Unleash Compassion.
After a good rainstorm, it’s hard not to notice a pungent freshness oozing from green blades of grass or the sound of newly fallen runoff pouring down a nearby ravine.
Looking up, the clarity of the sky appears immaculate and sharp, infinite and deep. Yesterday’s dust has been blown away with the last of the cold raindrops, leaving us with a new perspective—an opportunity to see beyond what had once held us in a kind of self-imposed, grainy cocoon.
Storms can be evocative phenomena because they fall in step with what’s rough and cold in our inner regions as well. Our inner storms can push us into a metaphorical hut while we hunker down and wait out the thunder and sleet, until the hut becomes a new world for us to not only inhabit, but then to arduously maintain. In the inner regions, where there’s no logic or reason capable of confining the wilderness, storms don’t just blow in from the jet stream, they remain part of the territory, billowing up and unleashing themselves when conditions are ripe.
What might it be like to embrace storms, to notice the bulbous cumulonimbus clouds and the soothing, primordial sound of rain, even if it’s uncomfortable and against the urge of our mind to leap into something small and confined? This counterintuitive, compassionate move might change our lives.

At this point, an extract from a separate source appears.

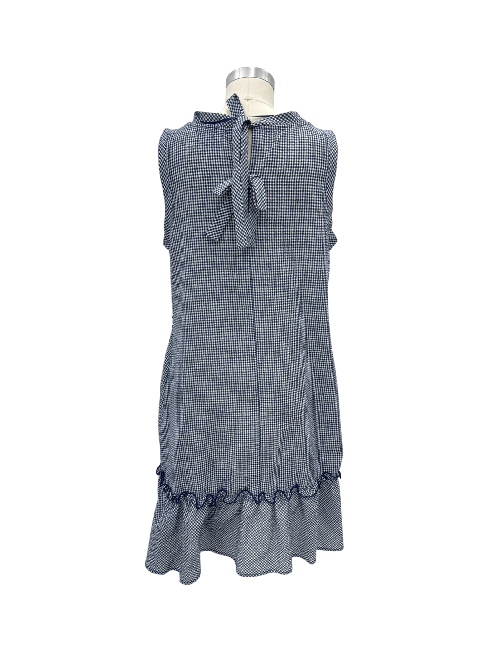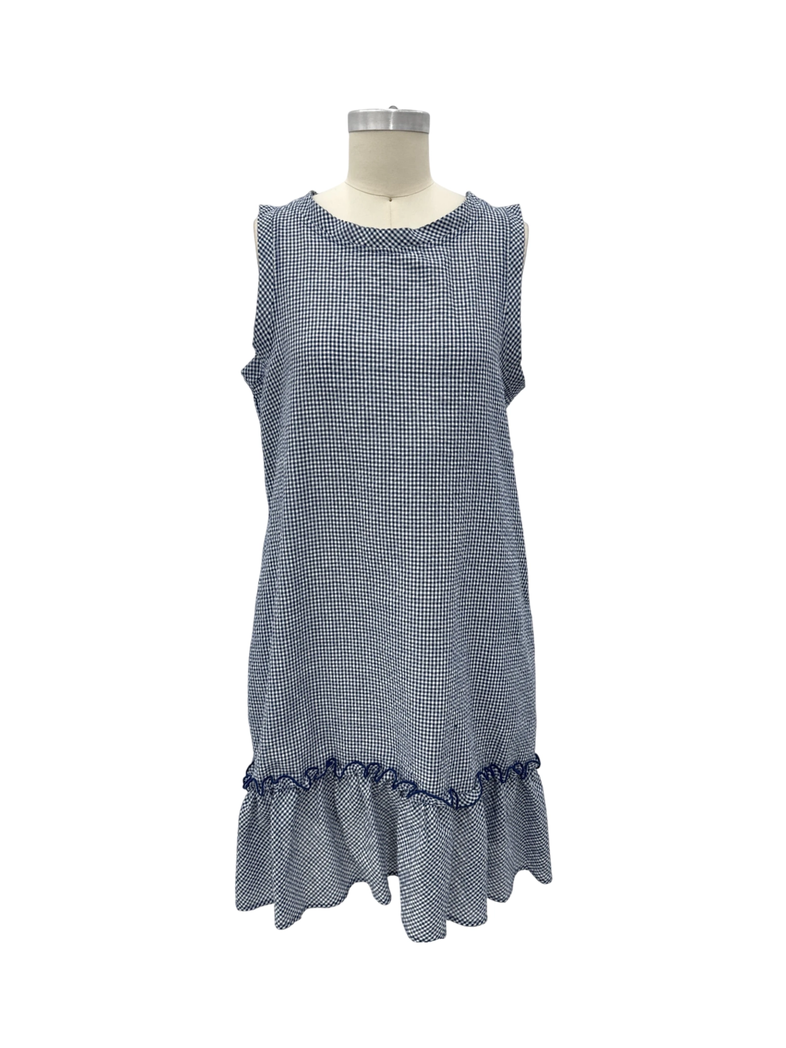 This pre-owned Violet Weekend dress is a stylish addition to any wardrobe. Featuring a classic A-line silhouette, it's perfect for warm weather. The navy blue and white checkered pattern gives it a chic touch. Made from a comfortable blend of polyester and cotton, this sleeveless dress is ideal for casual outings. It's a versatile piece that can be dressed up or down. Get ready for Spring and Summer in this timeless, preloved find.

This human mind is very interesting. It likes to add things up, build comforting worlds to inhabit and believe in, fall prey to addictive behavior patterns, and attract things that might lead to more of the same—more of what’s comfortable. Oddly enough, these mind-made realities often revolve around smallness: judgment, fears, old injuries and quick reactions.
One of Buddha’s most evocative questions was, “are you ready for this happiness?”—which implies, are we ready to drop everything, including our cherished beliefs, and just be here, free? In a strange way we might find that the mind has a tendency to steadfastly hold onto the past in a way that binds us to narrowness. It likes the hut and even when you try to leave it time and time again, it continues to twist your attempts toward freedom back into the doorway of the hut. And that of course, is perfectly fine.
The great lesson of mindfulness, of being, is noticing and allowing.
We don’t break the mind through fighting it, we just sit with it and watch it run around. Through presence, the boundaries between the hut and the outer wilderness disappear. This is freedom. Even if we experience pure being for one second, it’s enough room for the possibility of a transformation.
The vastness of compassion runs something like this: through being open and present, compassion emerges naturally from the unknown depths into our daily experience. There are no morals, no commandments, and certainly, no obsession with adultery when we enter the now—although there could be a little humor (put on that Medieval chain chastity belt and throw away the key sweetheart! I’ll be back in six years!).
The person who didn’t call you the other day and the man who yelled at you in traffic a moment ago aren’t here in this moment. All that remains is the vastness of the now—a chance to sit and be, a chance to allow what is innate to flow from your heart. Again, Buddha’s words ring out, “Are you ready for this happiness?”
The Japanese Zen poet, Ikkyu wrote:
“I almost lost my mind
Between studying and severe
Training.
But life’s most valuable thing really
Is the fisherman’s songs.Along the Hsiao River,
There’s sunset and rain,
Clouds and moon
Excellence beyond words
Singing night after night.”
The poem is so simple and yet it paints a beautiful picture that can be placed against the texture of our lives now. We can run in circles inside the confines of our metaphorical hut and honk in traffic, but if we’re quiet enough and present enough, we might catch the distant hum of the fisherman’s song: wind in the trees, a soft lighting in the crisp December air… a continuous, unexhausted stream of “excellence beyond words singing night after night” that happens to swirl around us moment after moment.
What might it be like to wear Ikkyu’s eyes and hear with Ikkyu’s ears? And what might it be like to enter into the vastness of Ikkyu’s mind—the same one sitting in our own skull? We might feel like we’re taking some insanely powerful drug where the world is vibrant and alive beyond description; where it’s uninhibited by the smallness of our thoughts. And then the real change could take place: the original sense of “ecstatic-ness” might become ordinary and humbling, providing us with the nourishment we need to be happy, reverent, wise, and content.